For most people December 23rd is a day for last-minute Christmas shopping, not time for a birthday. My birthday. And yes, I always receive gifts from people for both my birthday and Christmas. Parties are hell to plan – everyone’s busy. A birthday is the one day you’re allowed to bring people together around you. It’s special. It’s all about me!
Birthdays are about passing another year. I would argue that in modern Canada we have all but forgotten the celebrations of life stages and have reduced ourselves to monitoring progress through numbers. Turning 30, 40, or 50 are the dates we choose to have “big ones.” Are these years important life stages? And which life stages deserve celebrating? We kind of celebrate getting our licence or drinking legally. We definitely celebrate having children or getting married. But when did I celebrate becoming a man? When do we celebrate nature? We no longer celebrate the changing of the seasons, nor the harvest of our labours. When do you celebrate with your community and not just your circle of friends?
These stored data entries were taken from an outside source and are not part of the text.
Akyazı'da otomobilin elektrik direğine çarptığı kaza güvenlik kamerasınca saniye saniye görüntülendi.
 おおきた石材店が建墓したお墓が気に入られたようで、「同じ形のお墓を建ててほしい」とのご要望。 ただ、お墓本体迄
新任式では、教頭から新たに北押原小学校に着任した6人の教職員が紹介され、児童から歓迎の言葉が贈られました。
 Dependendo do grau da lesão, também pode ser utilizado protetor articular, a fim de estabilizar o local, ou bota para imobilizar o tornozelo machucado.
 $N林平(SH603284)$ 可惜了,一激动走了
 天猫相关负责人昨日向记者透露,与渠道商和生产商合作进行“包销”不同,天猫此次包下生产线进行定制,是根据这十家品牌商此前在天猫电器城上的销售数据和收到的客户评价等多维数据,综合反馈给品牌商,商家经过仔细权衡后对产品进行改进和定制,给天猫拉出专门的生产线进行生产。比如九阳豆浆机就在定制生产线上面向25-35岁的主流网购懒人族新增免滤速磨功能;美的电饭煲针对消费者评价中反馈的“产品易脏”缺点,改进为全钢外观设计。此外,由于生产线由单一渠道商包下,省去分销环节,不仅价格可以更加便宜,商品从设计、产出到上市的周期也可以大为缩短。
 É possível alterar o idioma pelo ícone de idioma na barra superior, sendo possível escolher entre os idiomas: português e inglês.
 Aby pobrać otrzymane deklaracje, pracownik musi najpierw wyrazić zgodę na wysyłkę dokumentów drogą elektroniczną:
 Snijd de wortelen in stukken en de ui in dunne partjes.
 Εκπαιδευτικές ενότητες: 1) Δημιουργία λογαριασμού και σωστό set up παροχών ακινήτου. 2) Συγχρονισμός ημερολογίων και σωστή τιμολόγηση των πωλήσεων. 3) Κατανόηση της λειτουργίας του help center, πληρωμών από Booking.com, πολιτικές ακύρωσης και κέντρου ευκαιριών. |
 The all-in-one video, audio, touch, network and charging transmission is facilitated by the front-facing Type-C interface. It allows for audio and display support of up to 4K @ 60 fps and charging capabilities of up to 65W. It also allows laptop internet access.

Christmas. I’ve long since stopped doing things related to a god, so the idea of a religious holiday isn’t meaningful to me. For me there are no more church services that brought the intergenerational, inter-neighbourhood, inter-class interactions necessary for community. No celebrating something together outside an individual’s life stages. I would say that it’s incredibly celebratory around this time of year – celebrating community. Most people volunteer at Christmas. They give more. People are more likely to sing together around this time. We have rituals. We publicly gather. We talk to strangers. We give gifts. We spread cheer.
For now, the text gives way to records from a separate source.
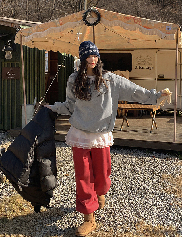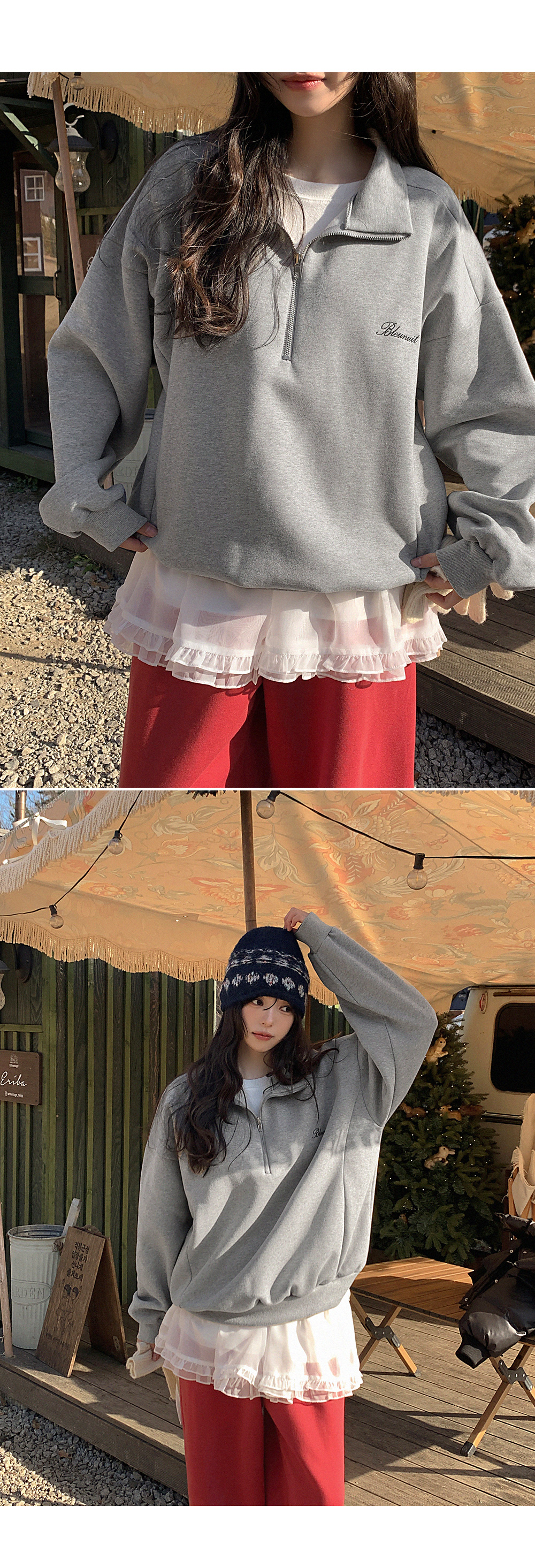 • 블루닛 刺繍 アノラック 起毛 ルーズフィット スウェット 85066
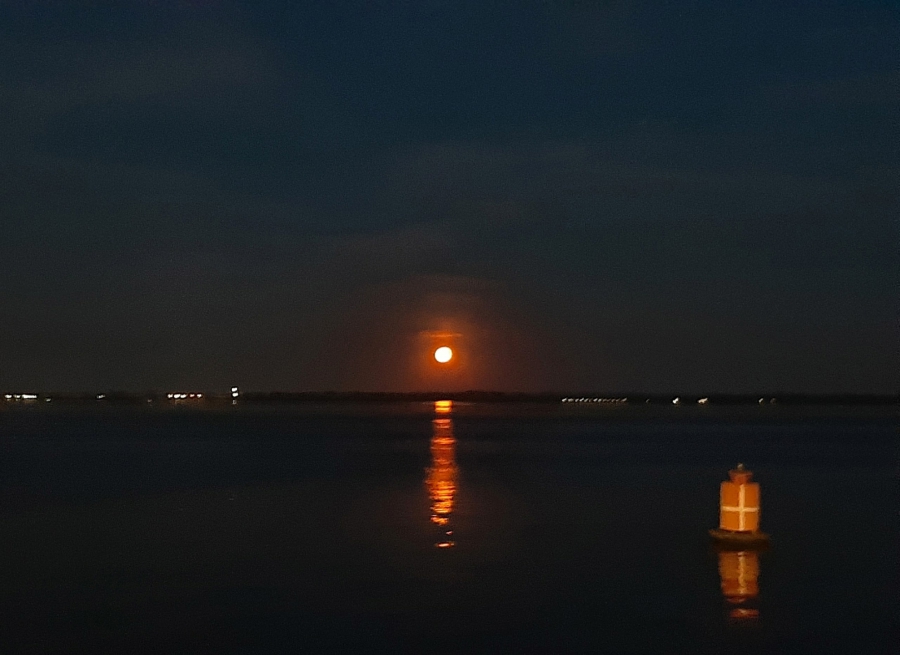 Суперлуние - это феномен, когда полнолуние совпадает с ближайшей точкой орбиты Луны к Земле (перигелий). В это время луна кажется примерно на 14% больше и на 30% ярче, чем обычно. Спутник выглядит крупнее, выразительнее и может иметь различные оттенки: серебристый, кремовый или золотой. Свет Луны отражается на поверхности Земли.
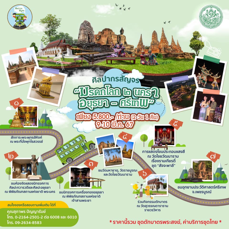 ชวนร่วมกิจกรรมเที่ยวชมโบราณสถาน ศิลปากรสัญจร ครั้งที่ ๒ “มรดกโลก ๒ นครา อยุธยา-ศรีเทพ”
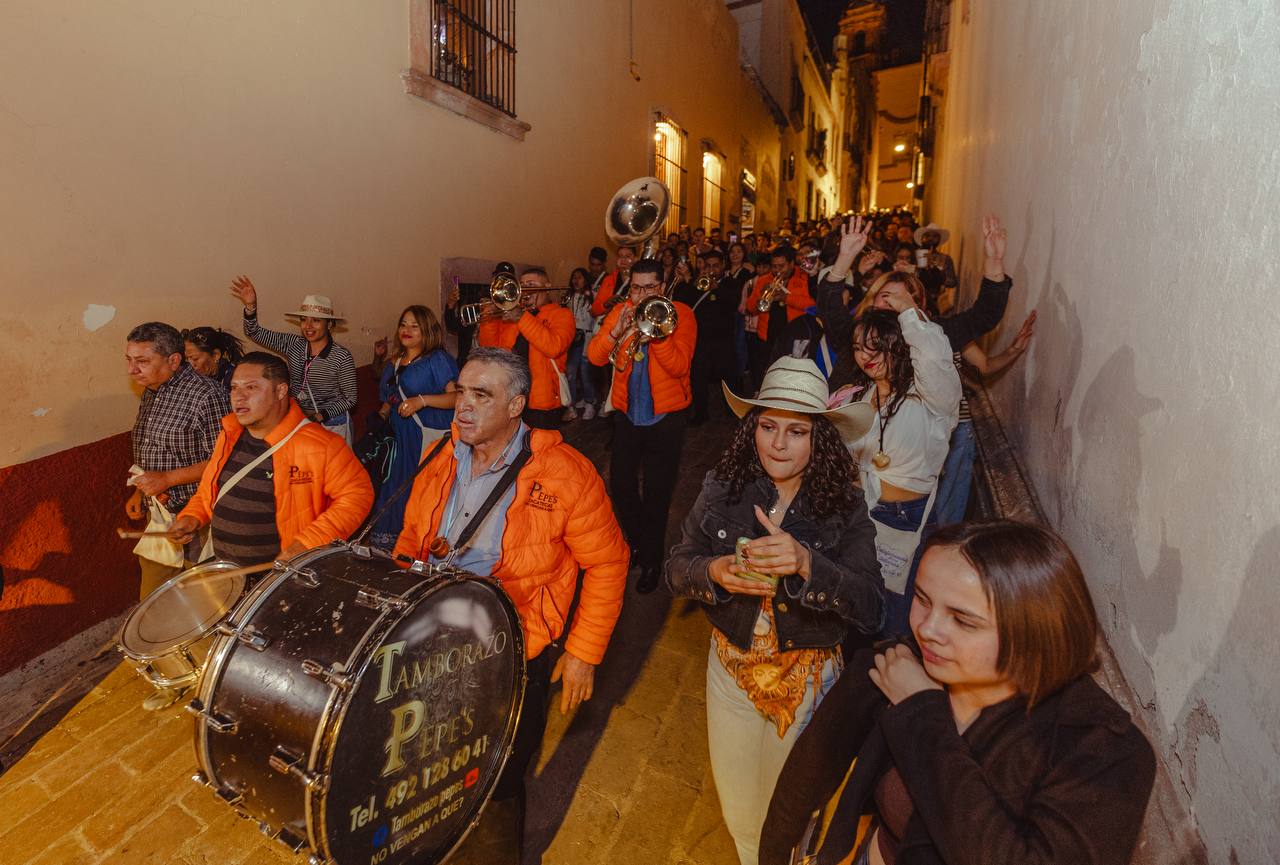 Al ritmo del baile y la tambora disfrutan las y los zacatecanos la Callejoneada para Solteros 2026

Sure, there’s the commercialization. I saw Charlie Brown Christmas. And yes, the malls are (more) disgusting with sales and buying crap we don’t need. Hell, I was just complaining about getting enough gifts a minute ago. I get that Christmas feeds one sick side of our community with the healthy side. Consuming with togetherness. It’s economic synergy. But it’s celebrating nonetheless. And if you have a birthday like mine, you give in to having a day about everyone more than having a day about yourself.